▸ **Exercise directions**
Could the listing below be returned exactly, with its pictures left out?

▸ **Dataset excerpt**
·····

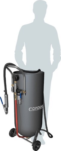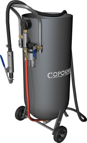 Пескоструйные аппараты предназначены для очистки воздушно-пескоструйным способом внутренних и наружных поверхностей от старой краски, ржавчины, окалины, различного рода загрязнений, а также для подготовки поверхности под покраску при ремонтных работах на энергетических, судоремонтных, автомобильных сервисах и других ремонтных и производственных предприятиях. В комплект входит пистолет с комплектом форсунок, шланг и маска. Для подключения потребуется компрессор. Применяемый абразив: песок речной, кварцевый песок, электрокорунд, дробь. Рекомендованная максимальная загрузка абразивного материала (кварцевый песок) - 70 кг.
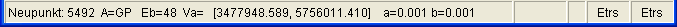 Im zweiten Anzeigefeld wird die Anzahl der Punkte angezeigt, die sich in einer eventuell erzeugten Menge befinden. Das dritte Anzeigefeld zeigt das Koordinatensystem der Punktnummerierung an. Im rechten Feld wird das Koordinatensystem angezeigt, in dem sich die Punktkoordinaten des Auftrages befinden.
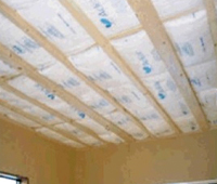 左写真が一般的なグラスウールの天井断熱です。お部屋のすぐ上の野縁と言われる天井ボードの下地材の上に乗せる感じです。
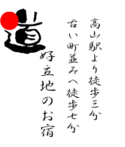 JR高山駅から徒歩3分・古い町並みへ徒歩7分の好立地でありながら、たいへん静かな旅館です。

·····

▸ **Worked solution**
 Пескоструйные аппараты предназначены для очистки воздушно-пескоструйным способом внутренних и наружных поверхностей от старой краски, ржавчины, окалины, различного рода загрязнений, а также для подготовки поверхности под покраску при ремонтных работах на энергетических, судоремонтных, автомобильных сервисах и других ремонтных и производственных предприятиях. В комплект входит пистолет с комплектом форсунок, шланг и маска. Для подключения потребуется компрессор. Применяемый абразив: песок речной, кварцевый песок, электрокорунд, дробь. Рекомендованная максимальная загрузка абразивного материала (кварцевый песок) - 70 кг.
 Im zweiten Anzeigefeld wird die Anzahl der Punkte angezeigt, die sich in einer eventuell erzeugten Menge befinden. Das dritte Anzeigefeld zeigt das Koordinatensystem der Punktnummerierung an. Im rechten Feld wird das Koordinatensystem angezeigt, in dem sich die Punktkoordinaten des Auftrages befinden.
 左写真が一般的なグラスウールの天井断熱です。お部屋のすぐ上の野縁と言われる天井ボードの下地材の上に乗せる感じです。
 JR高山駅から徒歩3分・古い町並みへ徒歩7分の好立地でありながら、たいへん静かな旅館です。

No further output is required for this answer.